With that in mind, MainControl, a Vienna, Virginia-based company founded in 1994, today announced integration of its recently announced MC/Empower enterprise systems management software suite with Intel's LANDesk Workgroup Manager and Hewlett-Packard's OpenView Network Node Manager.

The upshot is that the MC/Empower modules that offer management of mainframe and client-server environments now extend to the desktop with the LANDesk integration and to the entire network as well, through integration with HP's Network Node Manager.

MC/Empower uses a layered, object-oriented architecture consisting of five modules that perform specific systems management tasks: automated inventory of assets (Enterprise Explorer), electronic software distribution (SoftwareJet), bulk data transfer management (DataJet), asset management (ValueWise), and help desk problem management (HelpCenter).

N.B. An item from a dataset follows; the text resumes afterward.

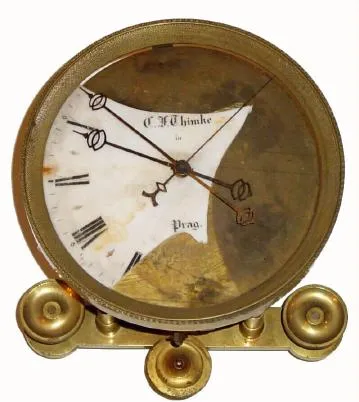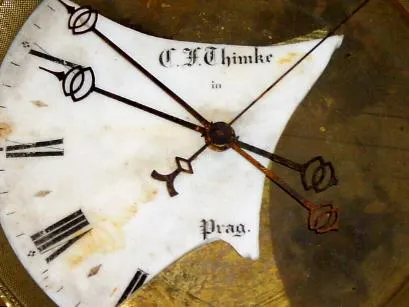 Movement only: C.1840, C. F. Thimke, Prag, weight driven laboratory regulator movement with center seconds and many quality refinements, now with broken dial.

By the end of the year, the company will introduce a new module called Chronicle that tracks all changes made to a particular system during the life of that system and stores them in a relational database, according to Zack Margolis, vice president of marketing at MainControl.

Margolis said MainControl has found a market by offering software products that manage a system through the entire life of that system, taking into account upgrades and component replacements. A typical site that might gain an advantage with MC/Empower modules would be an enterprise with 3,000 or more desktops and a back-end mainframe.